Andy Foot, Managing Director, Marine, Energy & Political Violence, Howden Re, said:

“The market has remained functional throughout the crisis, which is important. Capacity is still available, but underwriting scrutiny has intensified materially, particularly around transit exposures, WTPV aggregates and contingent accumulation scenarios.”

Despite mounting losses, Howden Re’s analysis suggests the wider reinsurance market remains capable of absorbing the shock. Capacity across global treaty markets remains abundant, with pricing at the recent 1 April renewals broadly aligned with 1 January outcomes, although reinsurers are closely monitoring inflationary pressures and the potential for further deterioration in marine and specialty claims. 
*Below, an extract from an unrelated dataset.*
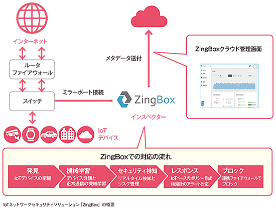 その一つが、1月23日のリリースで取り扱い開始を発表したIoTネットワークセキュリティソリューション「ZingBox」だ。本ソリューションはネットワーク上を流れるIoTデバイスのパケットを収集、メタデータ化したうえでクラウドへ送って機械学習により分析を行う。

According to Howden Re, the disruption has already begun feeding through into inflationary components across major commodities, energy supply chains and construction costs.Additionally, OECD growth forecasts have been downgraded as economies adjust to higher energy prices and concentrated supply risks. This is impacting across various industries to differing types of risk across technologythrough to consumer staples.

Michelle To, Managing Director, Business Intelligence, Howden Re, said:

“The Strait of Hormuz crisis demonstrates how geopolitical conflict can rapidly evolve into a multi-line, macroeconomic insurance event. The impact is not isolated only to specialty classes and the surrounding Middle East markets — there are much wider implications still yet to develop across global supply chains that will affect other lines of business.”

She added:

“Importantly, this event is also testing how the industry models interconnected geopolitical and economic risk. Clients are increasingly focused on resilience, scenario planning and understanding where concentrations exist across their global operations.”

Howden Re’s report concludes that while the immediate shock may remain manageable for the global reinsurance sector, prolonged disruption or further escalation across critical trade chokepoints could materially alter market conditions later in the year.